SOUTH AFRICA – Sappi Limited, a South Africa based paper packaging group, has entered into an agreement to acquire the Matane high yield hardwood pulp mill in Quebec, Canada from Rayonier Advanced Materials for US$175 million. 

The transaction will proceed through its Canadian subsidiary Sappi Canada Enterprises Inc, which it said represents an opportunity to increase its pulp integration for both its North American and European packaging businesses. 

The increased pulp integration is expected to lower Sappi’s costs of pulp, reduce the volatility of earnings throughout the pulp cycle and provide certainty of supply. The mill has a capacity of 270,000 tons per annum of high yield hardwood pulp.

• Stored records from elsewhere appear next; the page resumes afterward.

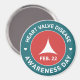 Um ímã redondo de 3 polegadas com o logotipo Dia da Consciência da Doença das Válvulas Cardíacas.
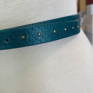 Talbots Skinny green leather belt Size Medium NEW Gold studs
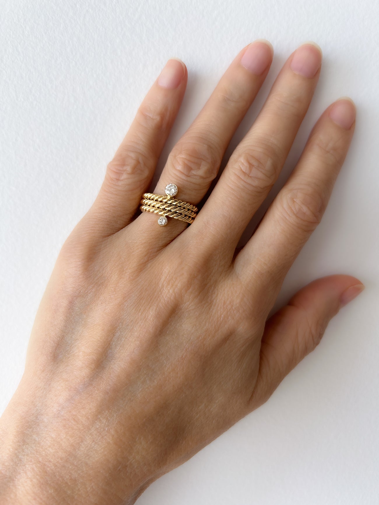 - 3 hand twisted stacked bands come with two round cut white diamonds at opposite sides, size 4mm & 2.9mm and set in bezels. Size Chart
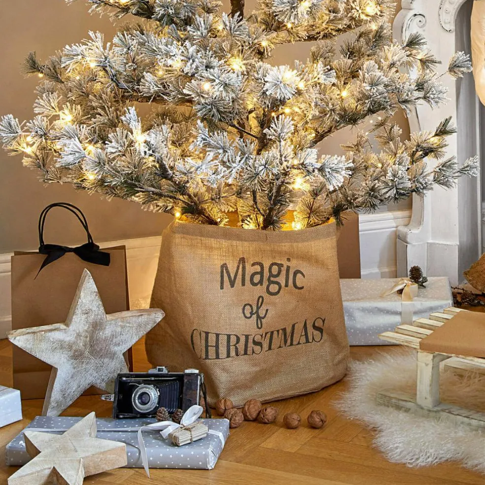 Vorbei sind die Zeiten als Körbe ausschließlich praktischen Zwecken dienten wie beispielsweise zum Aufbewahren und Transportieren ausrangierter Utensilien. Jetzt haben sie als dekorative Wohnakzente ein neues Image bekommen und begeistern in vielen Designs und Materialien. Dazu gehört auch dieser stilvolle Stoffkorb aus grob strukturiertem Jutegewebe. Das weiche Naturmaterial verleiht eine wunderbar natürliche Anmutung, ist äußerst robust im Gebrauch und kann ganz nach Wunsch effektvoll drapiert werden. Der auffällige Letterprint Magic of Christmas wird zum Blickfang und bekundet die Vorfreude auf das schönste Fest des Jahres. Durch die Innenbeschichtung wird der Stoffkorb nicht nur wasserresistent und formstabiler, sondern kann auch ganz einfach gesäubert werden. Was liegt also näher, als diesen Korb für stimmungsvolle Weihnachtsideen mit viel frischem Grün in Szene zu setzen – mal mit Tannenzweigen bestückt für den Eingangsbereich, mal als schmückendes »Beinkleid« für den Tannenbaum. Nach den Festtagen lässt sich die Beuteltasche klein zusammenfalten und platzsparend verstauen.

Sappi said that the transaction is expected to be concluded in the fourth calendar quarter of 2019, subject to certain customary conditions precedent, including the pre-requisite approvals of certain anti-trust authorities. 

The acquisition will be financed through internal resources and be concluded by the end of the year, the company said in a statement.

“The acquisition will increase Sappi’s pulp integration for both its North American and European packaging businesses and lower Sappi’s costs of pulp, reduce its volatility of earnings throughout the pulp cycle and provide certainty of supply,” Sappi said.

The company’s net debt at the end of June was US$1.728 billion compared to US$1.603 billion the year before. Sappi hopes that such an acquisition will bring down costs and lift margins.

The transaction will also reduce the cost of pulp for the company and is part of a pivot to areas with prospects for higher margins.

The global producer of dissolving wood pulp reported weak earnings as sluggish graphic paper demand and dissolving wood pulp prices weakened significantly in the quarter to end June. 

The group’s profits nosedived 84% to US$8 million (R115.99), down US$51m compared to last year, due to the lower operating profit and a US$9 million once-off finance costs charge to the income statement for the refinancing of the 2022 bonds.

Sappi chief executive Steve Binnie said although their third quarter was traditionally lower due to northern hemisphere summer holidays, the results for the quarter were under pressure, reports IOL Business

“We faced challenging market conditions across all our major product categories, but in particular from sluggish graphic paper demand in Europe and North America,” he said

Steve noted that this had necessitated production downtime and weak dissolving wood pulp (DWP) prices due to soft viscose staple fibre (VSF) markets.

“In addition, annual maintenance shuts which impact production and sales volumes were completed at Ngodwana, Saiccor and Cloquet mills,” Binnie said. 

In the light of a difficult quarter, Binnie said the group continued to focus on executing its strategy to diversify its product portfolio into higher margin segments to position them for future growth.